Un silence régna, solennel.

Au bout de deux grandes minutes, Grosbois dit :

— Faut vous décider pourtant… Qui est-ce qui commence ?

Personne ne bougea. La nuit augmentait, le chapeau semblait grandir dans cette ombre.

— Par rang d’âges, voulez-vous ? proposa l’arpenteur. À toi, Jésus-Christ, qui es l’aîné.

Jésus-Christ, bon enfant, s’avança ; mais il perdit l’équilibre, faillit s’étaler. Il avait enfoncé le poing dans le chapeau, d’un effort violent, comme pour en retirer un quartier de roche. Lorsqu’il tint le billet, il dut s’approcher de la fenêtre.

— Deux ! cria-t-il, en trouvant sans doute ce chiffre particulièrement drôle, car il suffoqua de rire.

— À toi, Fanny ! appela Grosbois.

Quand Fanny eut la main au fond, elle ne se pressa point. Elle fouillait, remuait les billets, les pesait l’un après l’autre.

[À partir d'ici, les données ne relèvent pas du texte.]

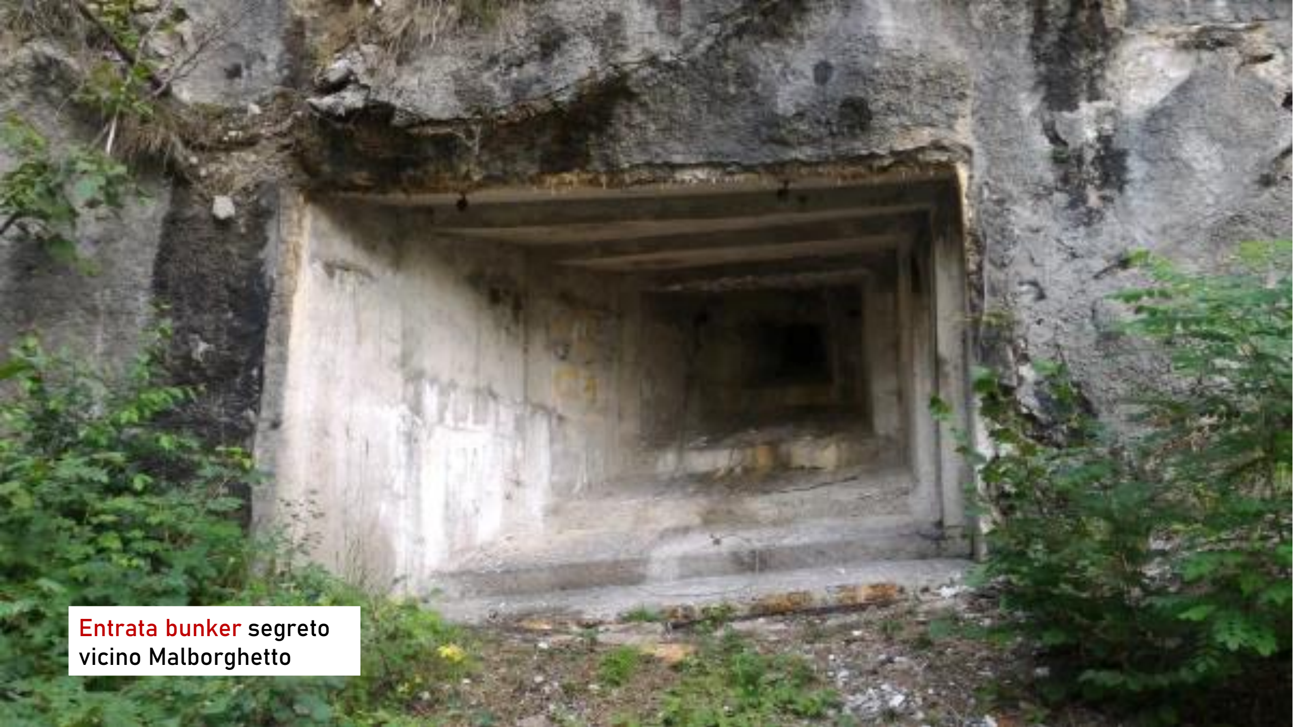
Entrata bunker segreto vicino Malborghetto

— C’est défendu de choisir, dit rageusement Buteau, que la passion étranglait, et qui avait blêmi au numéro tiré par son frère.

— Tiens ! pourquoi donc ? répondit-elle. Je ne regarde pas, je peux bien tâter.

— Va, murmura le père, ça se vaut, il n’y en a pas plus lourd dans l’un que dans l’autre.

Elle se décida enfin, courut devant la fenêtre.

— Un !

— Eh bien ! c’est Buteau qui a le trois, reprit Fouan. Tire-le, mon garçon.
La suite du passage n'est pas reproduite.